Department of Health and Social Security

Department overview
- Formed: 1968
- Preceding agencies: Ministry of Health; Ministry of Social Security;
- Dissolved: 1988
- Superseding agencies: Department of Social Security; Department of Health;
- Jurisdiction: United Kingdom
- Headquarters: London

= Department of Health and Social Security =

British government ministry

The Department of Health and Social Security (commonly known as the DHSS) was a ministry of the British government in existence for twenty years from 1968 until 1988, and was headed by the Secretary of State for Social Services.

==History==
In 1953, the Ministry of Pensions and the Ministry of National Insurance were merged to create the Ministry of Pensions and National Insurance. In 1966, the Supplementary Benefits Commission (part of the National Assistance Board) was merged with the Ministry of Pensions and National Insurance to form the new Ministry of Social Security, as part of the Ministry of Social Security Act 1966.

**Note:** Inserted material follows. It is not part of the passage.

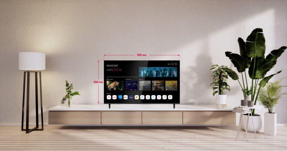 Sencor 109.0 cm D-LED 43 palců WebOS 2023 Černá Magický ovladač, základní ovladač, rychlý průvodce, stojan Dobré pro smíšené osvětlení 8 ms 3840 x 2160 16 : 9 60 1.5-2.0m optimální Základní HDR 4K HDR streamování připraveno 3 2 3 porty Snadná montáž (standardní VESA) 5.3 kg 200 x 200 Vyžaduje 105cm+ nábytek 955 x 558 x 74 mm G 77 kWh 53 kWh 2178516 Dobrý vestavěný zvuk

In 1968, the Ministry of Social Security and the Ministry of Health were dissolved and their functions merged into a new Department of Health and Social Security by an Order in Council which came into operation on 1 November 1968.

Although the department was titled 'Department of Health and Social Security', the title of the cabinet minister with responsibility for the department was 'secretary of state for social services'.

In 1988 the department was split again into a separate Department of Health and the Department of Social Security.

In 2001 the Department for Work and Pensions was formed from the Department of Social Security, absorbing the employment functions which had previously been the responsibility of the Department for Education and Employment since the dissolution of the Department of Employment in 1995.

== Ministers ==
- Secretary of State for Social Services
- Minister of State for Health
- Minister of State for Social Security

==Impact==
Even three and a half decades after its abolition, the initials "DHSS" continue to be used by the general public to describe the Department for Work and Pensions or some of the benefits it provides (such as Income Support).

==References in popular culture==

- Half Man Half Biscuit the notable cynico-rock group from The Wirral, UK, named their first album "Back in the DHSS" as a pun on the earlier single by the Beatles ("Back in the USSR") and a nod to the growing unemployment under the Thatcher administration of the 1980s.
- UB40 (a reggae group from Birmingham, whose first album was released in 1980) was named after the form issued by the DHSS to those claiming unemployment benefit, the full name of which was Unemployment Benefit form 40.
- British group Wham! mention the "DHSS" in their song "Wham Rap! (Enjoy What You Do)".
- Punk poet Attila the Stockbroker's poem "Russians in the DHSS" satirized the Cold War threat of the Soviet Union in Thatcher-era Britain.
- In The Young Ones episode "Bomb" Rick attempts to write a threatening telegram to the British Government through a DHSS office which he mistakes for the post office.
- In Yes Minister it is mentioned by one of the characters, when sitting in a round-table meeting in relation to equal opportunities for women.